As of 2005, Gala was operating stores under three brands: "Gala", "Gala Superstore" and "Checkout". In 2019, the group began the changeover of "Checkout" branded stores to a new facia called "Your Stop".

Gala Retail Services Limited coordinates the franchise services for the retailers such as central billing, store development, fresh food advice, marketing, training and information technology, while wholesale members supply stores with goods.

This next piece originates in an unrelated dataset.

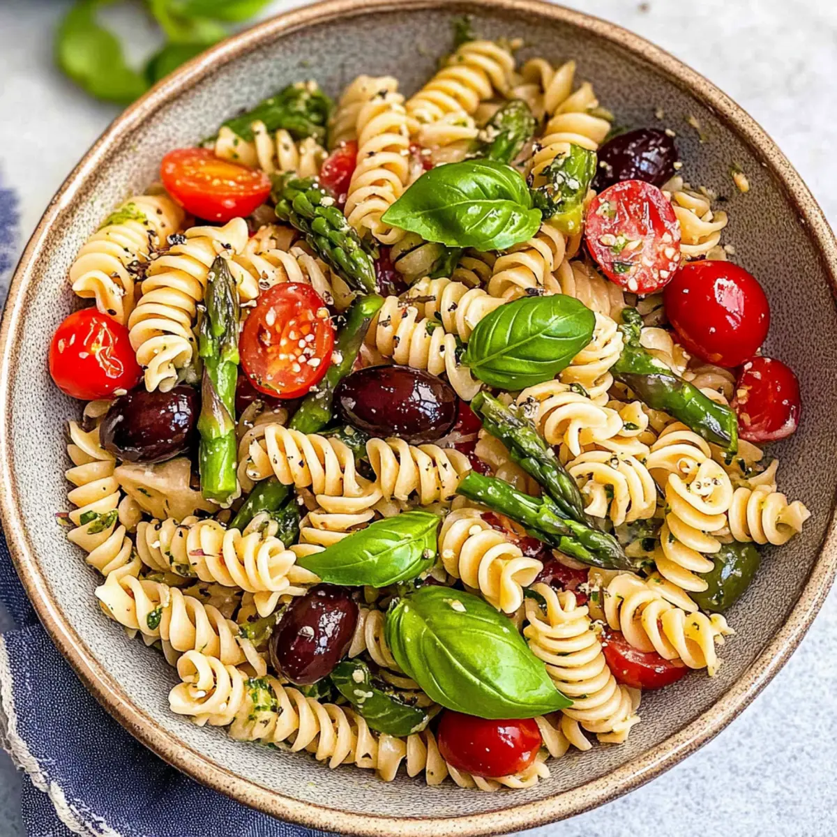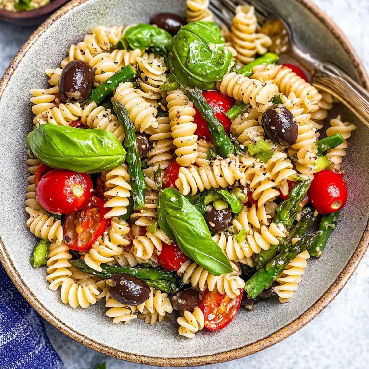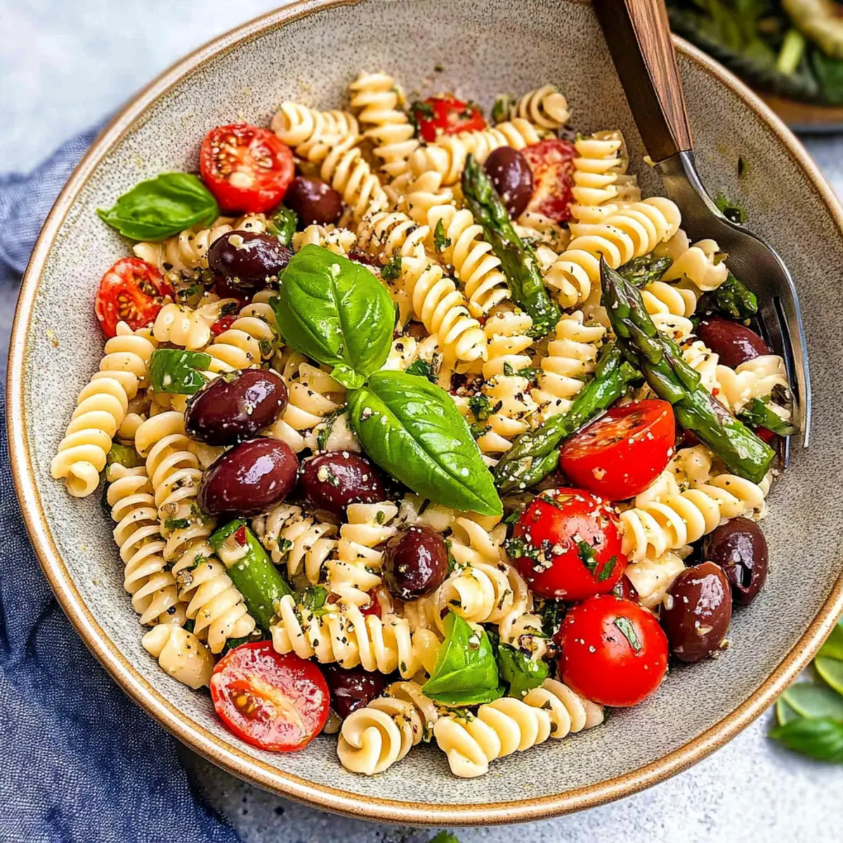 Mediterranean Pasta Salad is an ideal choice for meal prep aficionados! You can cook the fusilli pasta and sauté the asparagus up to 24 hours in advance, then store them in an airtight container in the refrigerator. Additionally, wash and chop the vegetables—such as cherry tomatoes, cucumber, and radishes—prepping them a day ahead will save you precious time later. Just remember to keep the dressing separate until you’re ready to serve; this maintains the salad’s freshness and crunch. When it’s time to enjoy, simply combine all the components, toss with the dressing, and you’ll have a delicious, vibrant Mediterranean Pasta Salad waiting to delight your taste buds!

From 2018 to 2023, BWG Foods acquired three Gala wholesale members, including 4 Aces Wholesale and Tuffys Wholesale, and is now the largest supplier to the symbol group.

==Sponsorship==
Gala sponsors Gradam Chumarsáide an Oireachtais, and the Irish Special Olympics Team.

The company previously sponsored the All-Ireland Senior Camogie Championship from 2006 until early 2011.